WORK TO BE COMPLETED » From the first line down to the line containing "Samrtfón Meizu 15", print the records below exactly, leaving every picture out.

(Collected data)

--- START ---

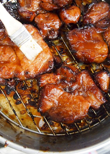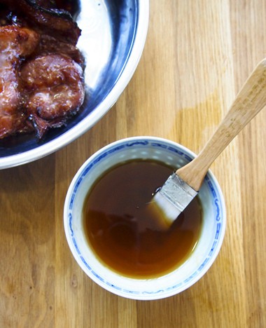 Lấy thịt ra phết mạch nha lên khắp miếng thịt. Đem nướng tiếp ở 230 độ C tròng vòng 2 phút rồi lấy thịt ra và phết tiếp lớp mạch nha.
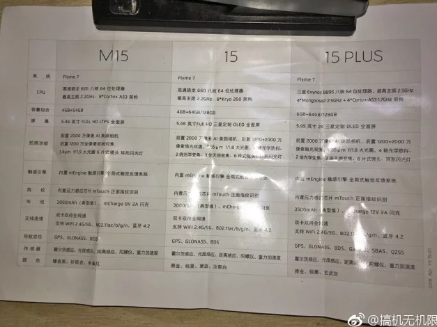 Samrtfón Meizu 15 získa 5.46 palcový OLED displej s rozlíšením Full HD. Procesorom smartfónu má byť Snadragon 660, nebude chýbať RAM s kapacitou 4GB, interné úložisko s kapacitou 64GB, alebo 128GB. Hlavný fotoaparát nový model získa duálny 20 a 12 megapixelový. Kapacita batérie bude dosahovať úroveň 3000 mAh, ktorá bude podporovať technológiu rýchlonabíjania mCharge.
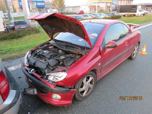 První dopravní nehoda na příjezdu do Hradce směrem od Třebechovic.
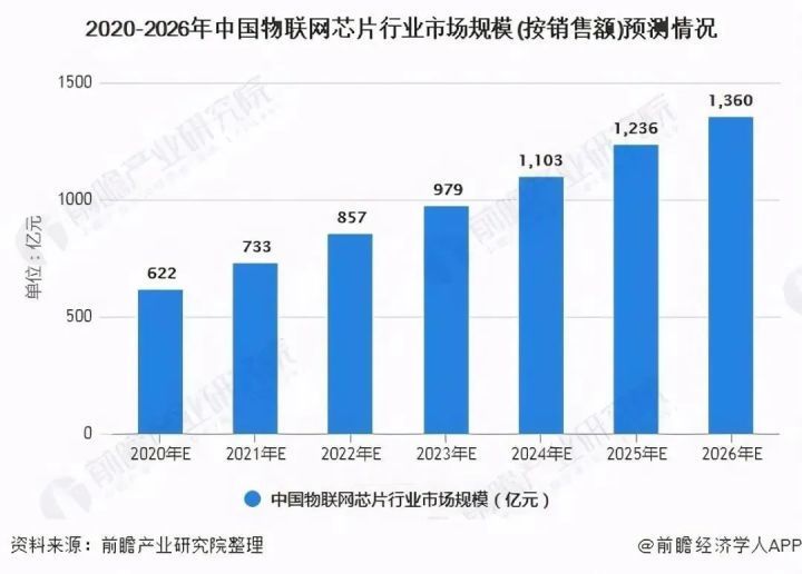 随着传统行业自动化升级,物联网在垂直领域终端用户的渗透率提升,物联网芯片市场快速增长,前瞻产业研究院分析预计,2022年我国物联网芯片市场规模可达857亿元人民币,有望在2024年达到千亿规模,来自Counterpoint的数据显示,中国消耗了全球近60%的蜂窝物联网芯片。
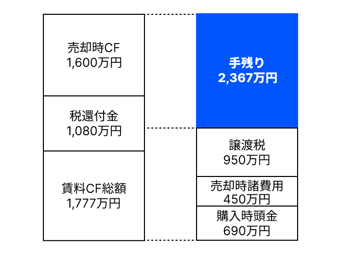 賃料キャッシュフローの累計総額、税還付額、売却時キャッシュフローから、譲渡税、売却時諸費用、購入時頭金を差し引きます。
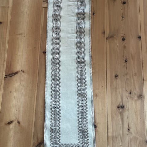 En hæklet løber med 8 mellemlægsservietter. Løberen er 128cm lang og 20cm bred. Mellemlægsservietterne 22x19cm.
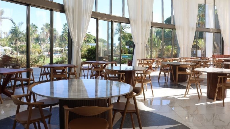 Genießen Sie die besten Buffets im Prestige Restaurant und auf der herrlichen Außenterrasse mit Blick auf die wunderschönen Gärten des Alfagar Prestige.
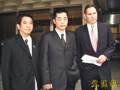 ■「無味神探」陳思祺(中)在上訴得直後與本地督察協會主席廖潔明(左)及代表律師(右)離開法庭。
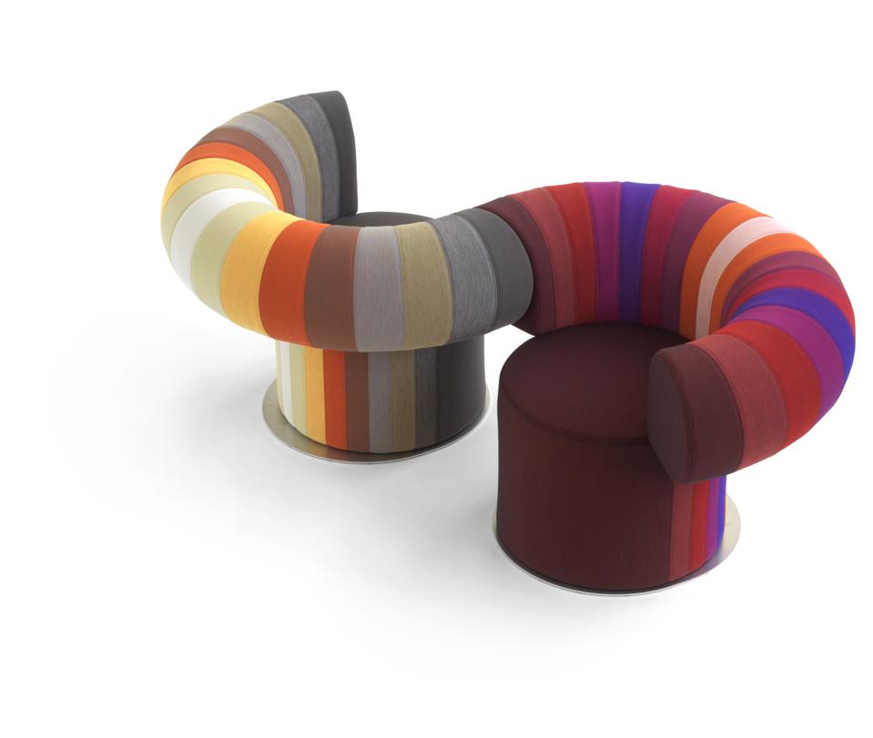 Join two geometric Big Talk lounge chairs by Blå Station for a snakelike creation akin to a Victorian-era love seat.
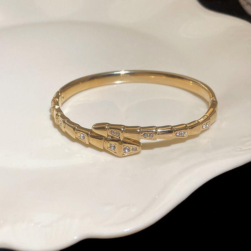 Zircon Snake Cross-open Bracelet, High-end and Exquisite Bracelet, Light Luxury and Trendy Bracelet
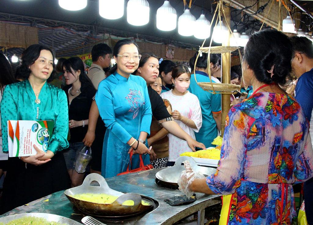 | Đại biểu tham quan gian hàng bánh dân gian Nam Bộ. |

--- END ---

EXERCISE OUTPUT »
 Lấy thịt ra phết mạch nha lên khắp miếng thịt. Đem nướng tiếp ở 230 độ C tròng vòng 2 phút rồi lấy thịt ra và phết tiếp lớp mạch nha.
 Samrtfón Meizu 15 získa 5.46 palcový OLED displej s rozlíšením Full HD. Procesorom smartfónu má byť Snadragon 660, nebude chýbať RAM s kapacitou 4GB, interné úložisko s kapacitou 64GB, alebo 128GB. Hlavný fotoaparát nový model získa duálny 20 a 12 megapixelový. Kapacita batérie bude dosahovať úroveň 3000 mAh, ktorá bude podporovať technológiu rýchlonabíjania mCharge.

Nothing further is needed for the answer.